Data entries
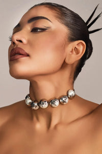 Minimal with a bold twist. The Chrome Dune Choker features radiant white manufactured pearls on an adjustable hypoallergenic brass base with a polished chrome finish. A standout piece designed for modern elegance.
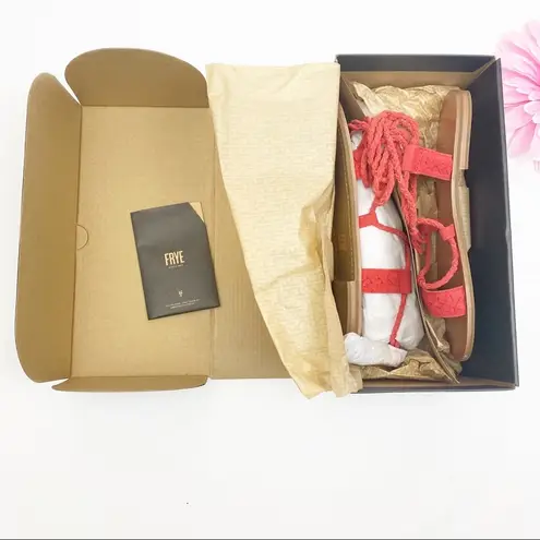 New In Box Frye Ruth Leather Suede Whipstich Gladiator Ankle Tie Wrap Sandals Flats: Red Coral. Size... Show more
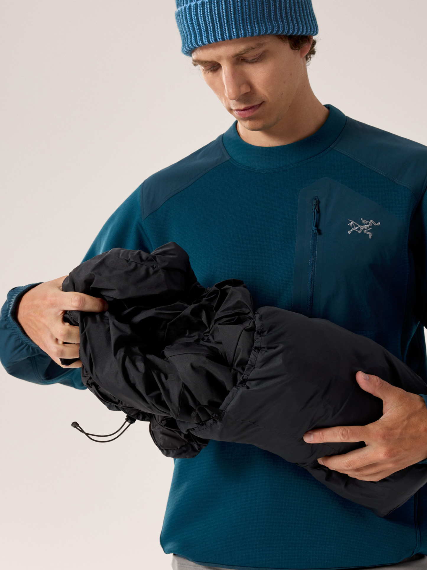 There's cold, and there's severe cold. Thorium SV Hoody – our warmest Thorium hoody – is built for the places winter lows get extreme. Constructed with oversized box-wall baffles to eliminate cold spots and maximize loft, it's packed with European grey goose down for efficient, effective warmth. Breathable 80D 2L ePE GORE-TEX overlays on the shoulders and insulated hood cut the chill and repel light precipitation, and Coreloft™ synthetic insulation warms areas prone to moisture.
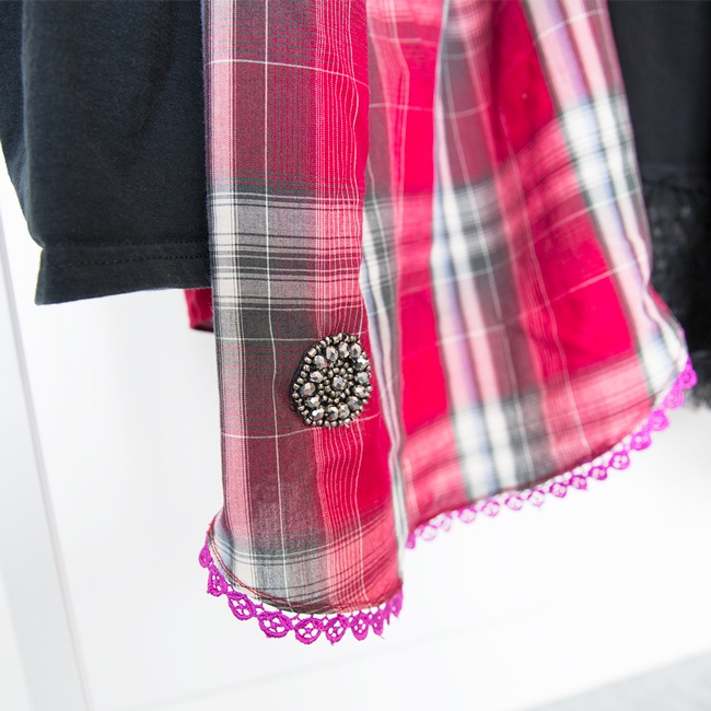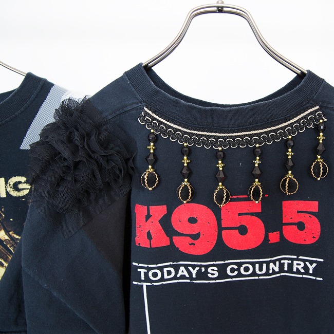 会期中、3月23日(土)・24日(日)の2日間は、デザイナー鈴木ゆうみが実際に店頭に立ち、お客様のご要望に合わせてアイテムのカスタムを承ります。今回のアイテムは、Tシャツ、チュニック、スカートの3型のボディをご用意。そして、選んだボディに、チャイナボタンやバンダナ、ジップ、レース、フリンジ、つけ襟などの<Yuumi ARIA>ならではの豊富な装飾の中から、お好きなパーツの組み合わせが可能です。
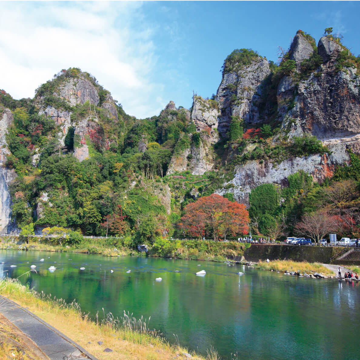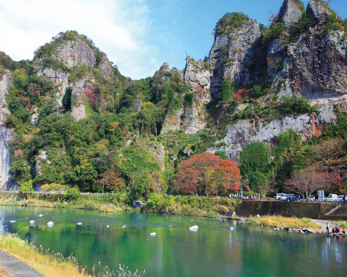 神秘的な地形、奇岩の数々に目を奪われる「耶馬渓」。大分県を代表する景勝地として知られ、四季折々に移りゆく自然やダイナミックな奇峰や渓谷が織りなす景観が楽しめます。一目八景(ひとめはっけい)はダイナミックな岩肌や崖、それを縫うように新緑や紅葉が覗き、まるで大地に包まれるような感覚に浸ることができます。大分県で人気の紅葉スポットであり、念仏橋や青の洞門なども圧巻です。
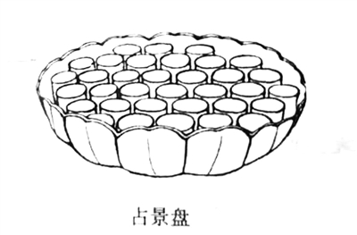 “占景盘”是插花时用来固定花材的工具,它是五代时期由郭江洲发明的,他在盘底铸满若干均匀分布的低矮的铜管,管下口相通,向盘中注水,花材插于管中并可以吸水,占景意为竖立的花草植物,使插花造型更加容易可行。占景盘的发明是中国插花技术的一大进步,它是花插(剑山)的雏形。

* What needs to be done *
What you give back must match the lines from the start of the records through the line that contains "New In Box Frye", exactly, with the pictures left out.

* Exercise answer *
 Minimal with a bold twist. The Chrome Dune Choker features radiant white manufactured pearls on an adjustable hypoallergenic brass base with a polished chrome finish. A standout piece designed for modern elegance.
 New In Box Frye Ruth Leather Suede Whipstich Gladiator Ankle Tie Wrap Sandals Flats: Red Coral. Size... Show more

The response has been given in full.